----- Material for this exercise -----

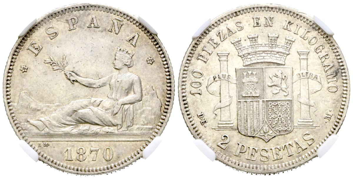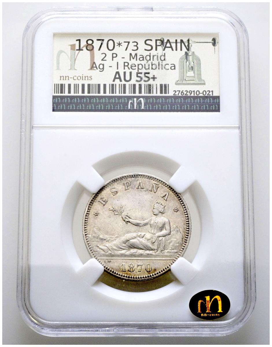 PROVISIONAL GOVERNMENT (1868-1871). 2 Pesetas. (Ar. 10.00g/27mm)*. 1870 *18-73. Madrid DEM. (Cal-2019-31). Encapsulated by NN Coins AU 55+. Theoretical weight and measurements.
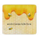 Gelber, weißer Hintergrund mit einem Bienenwabenmuster und glücklich lächelnden Hummeln. Dekoriert mit süßem, goldenem Honig, der tropft. Personalisieren und fügen Sie Ihren Namen und Ihre Monogramm-Initialen, goldene und schwarze Buchstaben. Der Name wird mit einem handgeschriebenen Stilskript geschrieben. Ideal für Ihre Zuhause im Sommer!
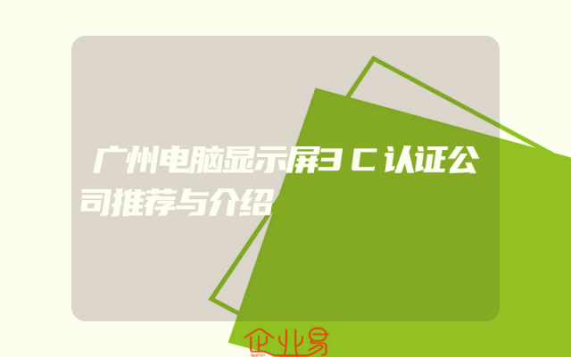 - 广州电脑显示屏3C认证公司推荐与介绍一、引言在中国市场,电脑显示屏产品需要经过一系列的认证才能合法销售,其中最为人们所熟知的就是3C认证。广州作为电子产品的重要集散地,拥有众多专业的电脑显示屏3C认证公司。本文将为您详细介绍几家在广
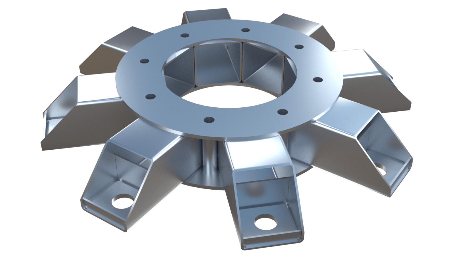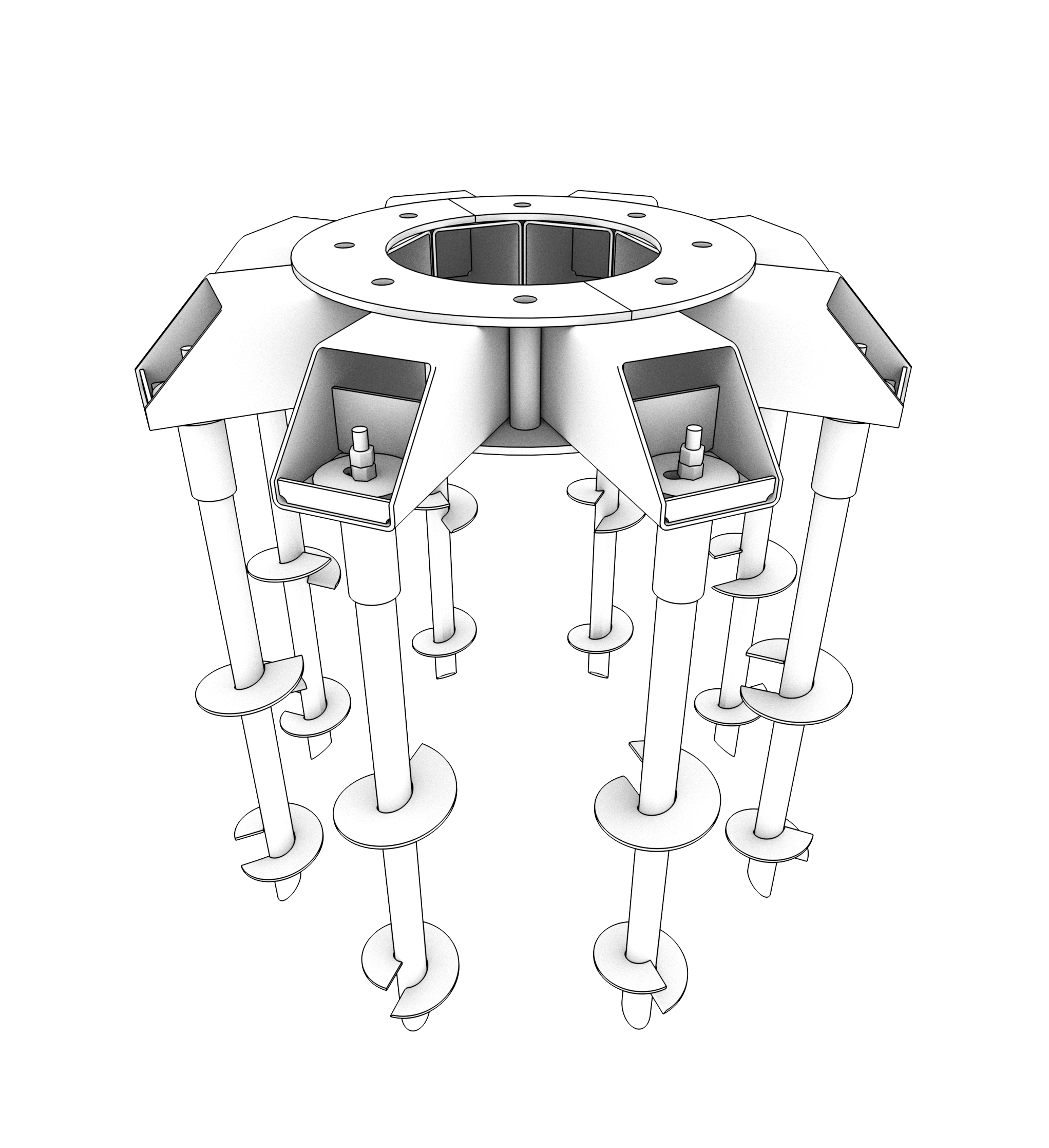 MUG208-7 Utility Grillage (MUG) has a factored groundline moment capacity of 1,500 kip-ft. MUGs are made to order for the Power Transmission Industry following our ISO 9001 certified quality program. Grillage central mounting plates are configured to coordinate with project specific pole base plates. The grillage beams span to a symmetric pile group. Patented clamp-style caps allow MAGNUM® helical piles to directly support the MUG providing an all-steel foundation solution for remote or demanding site locations.
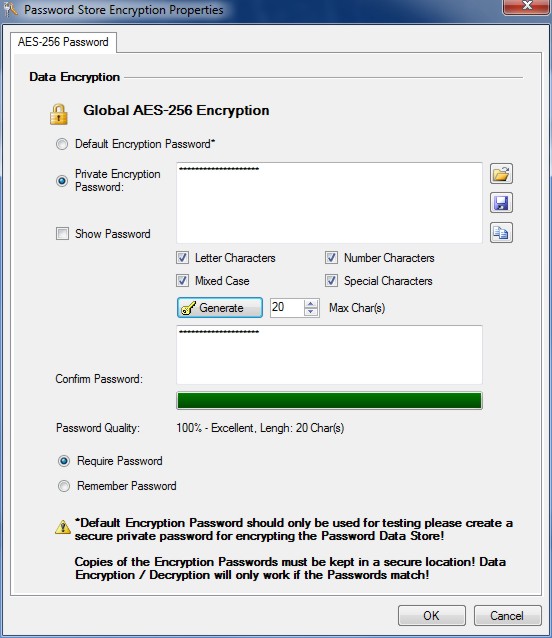 Specify a secure Private Encryption Password for the Password Store and keep in a safe place. Store Encryption Passwords can be required each time or remembered.
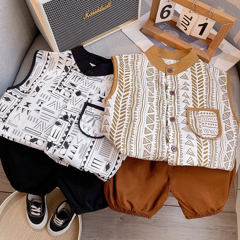 소년 조끼 반소매 여름 세트 여름 새로운 패션 중소 어린이 아기 전체 인쇄 삼각형 조끼 세트
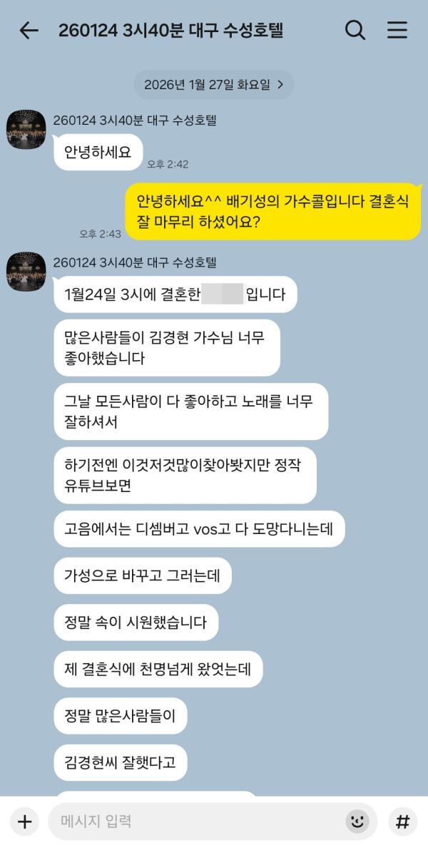 지난 1월 24일 대구 수성호텔에서 진행된 가수 더크로스 김경현 결혼식축가 후기입니다^^
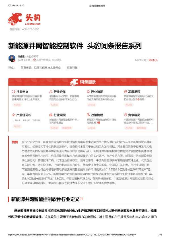 【头豹研究院】【20231024】新能源并网智能控制软件 头豹词条报告系列-16页
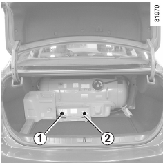 - LPG 탱크의 충전밸브 1(녹색)과 취출밸브 2(적색)를 시계 방향으로 돌려 잠그고 연료계통의 누출을 점검합니다.
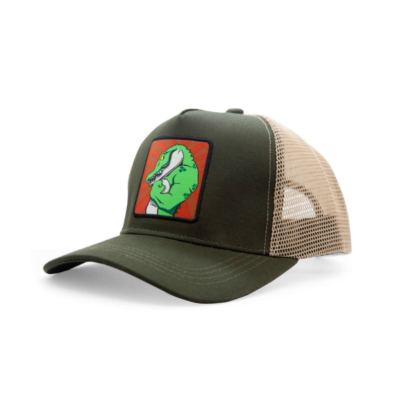 Šiltovka Hey Joe so zosilnenou prednou časťou a sieťovanou zadnou časťou. S logom značky. Zeleno-béžová farba.
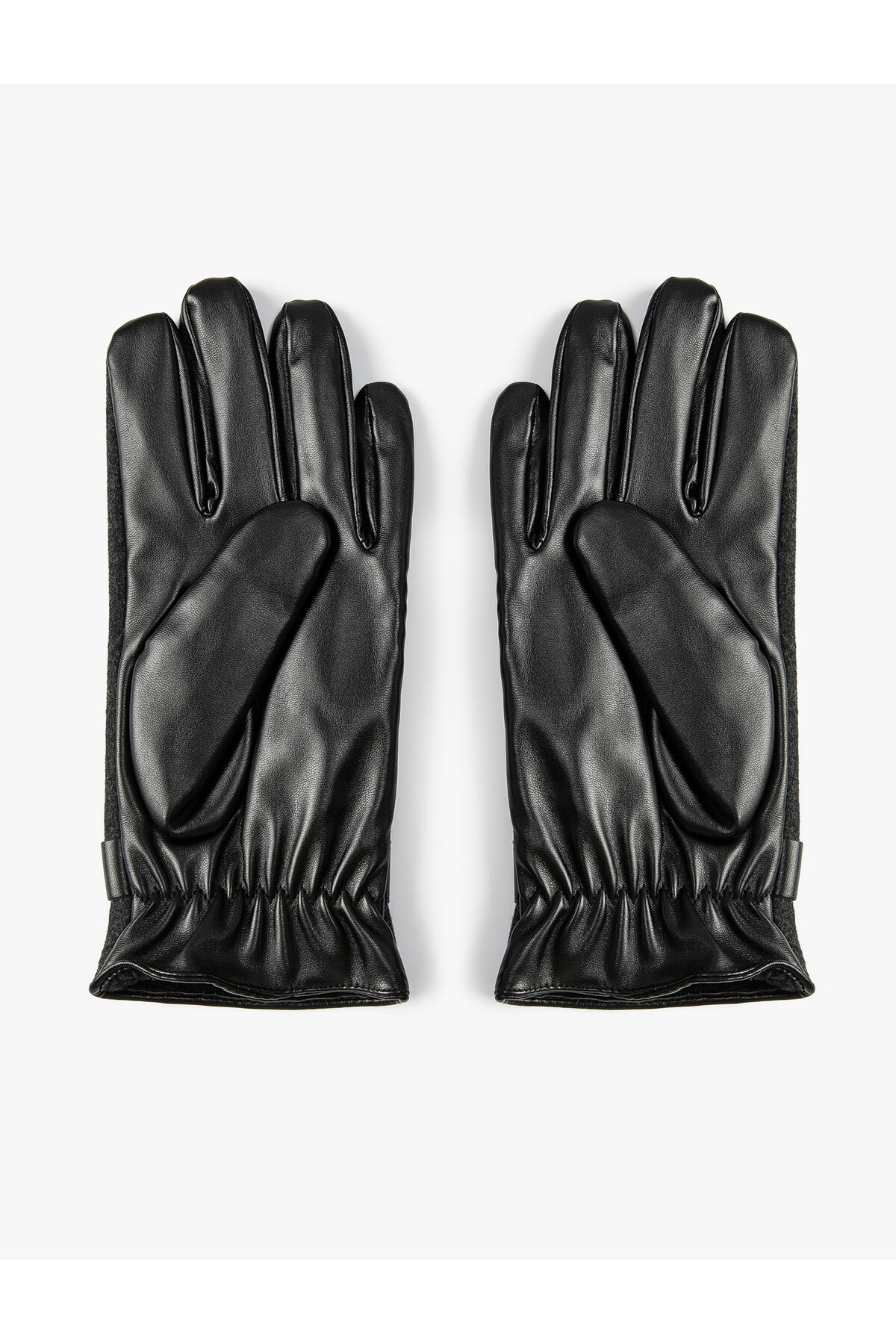 Lastik detaylı, deri görünümlü eldiven.
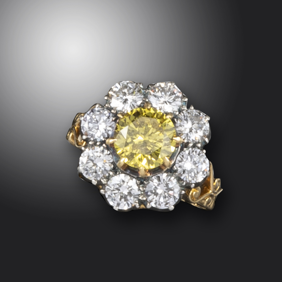 A fancy-coloured diamond cluster ring, the circular-cut fancy-coloured diamond weighs 1.61cts and is set within a surround of round brilliant-cut diamonds in silver on gold, with scroll bifurcated shoulders, size M 1/2
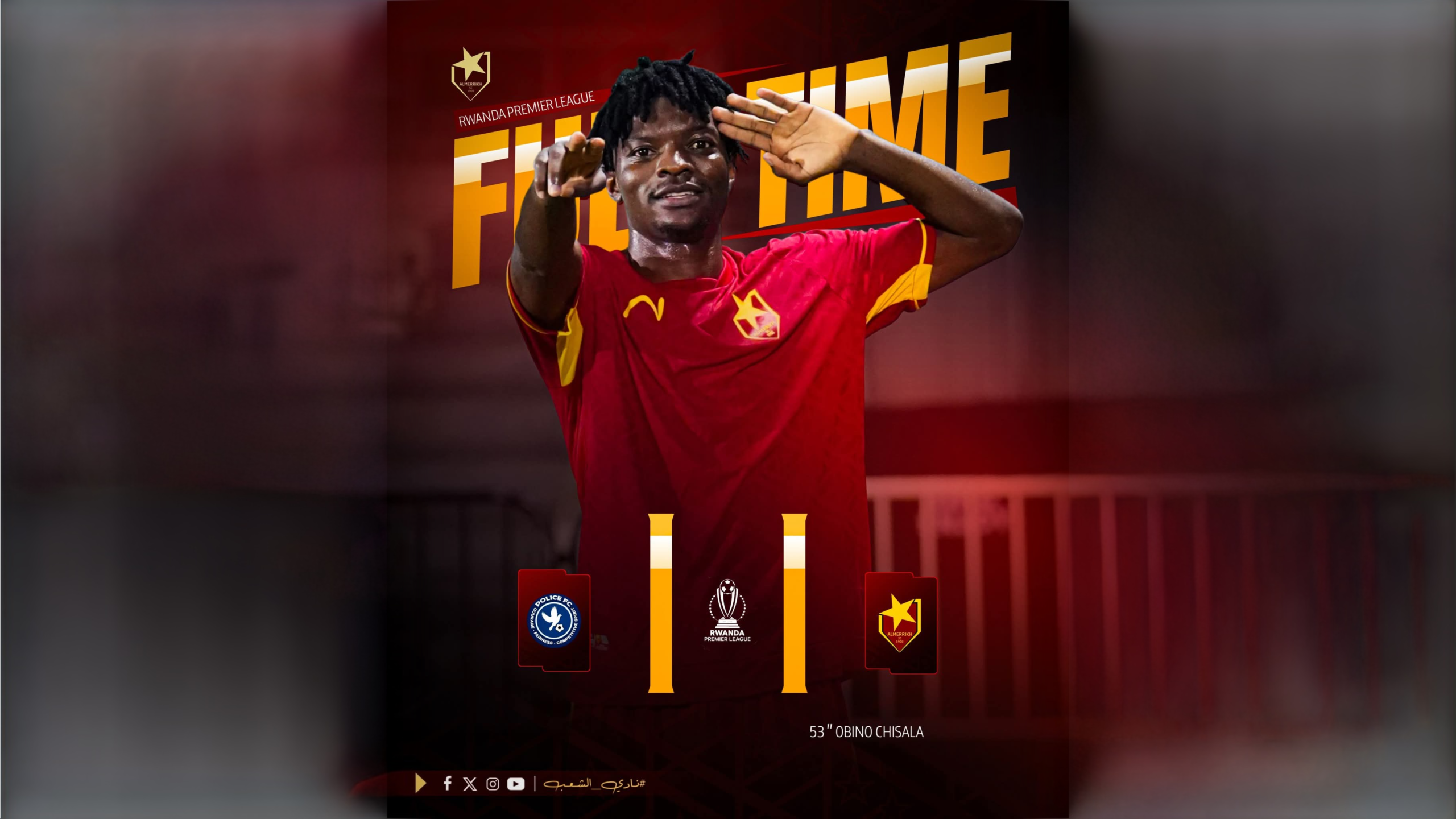 نجح المريخ في إدراك التعادل مع البوليس متصدر الدوري الرواندي بهدف لكل في قمة مباريات الاسبوع باستاد كيجالي ييليه ليرفع رصيده الى 29 نقطة فيما البوليس ب 33 نقطة .

-----

Nothing but the lines from the top of the data above through the line containing "- 广州电脑显示屏3C认证公" should be output, exactly as written and without the pictures.

 PROVISIONAL GOVERNMENT (1868-1871). 2 Pesetas. (Ar. 10.00g/27mm)*. 1870 *18-73. Madrid DEM. (Cal-2019-31). Encapsulated by NN Coins AU 55+. Theoretical weight and measurements.
 Gelber, weißer Hintergrund mit einem Bienenwabenmuster und glücklich lächelnden Hummeln. Dekoriert mit süßem, goldenem Honig, der tropft. Personalisieren und fügen Sie Ihren Namen und Ihre Monogramm-Initialen, goldene und schwarze Buchstaben. Der Name wird mit einem handgeschriebenen Stilskript geschrieben. Ideal für Ihre Zuhause im Sommer!
 - 广州电脑显示屏3C认证公司推荐与介绍一、引言在中国市场,电脑显示屏产品需要经过一系列的认证才能合法销售,其中最为人们所熟知的就是3C认证。广州作为电子产品的重要集散地,拥有众多专业的电脑显示屏3C认证公司。本文将为您详细介绍几家在广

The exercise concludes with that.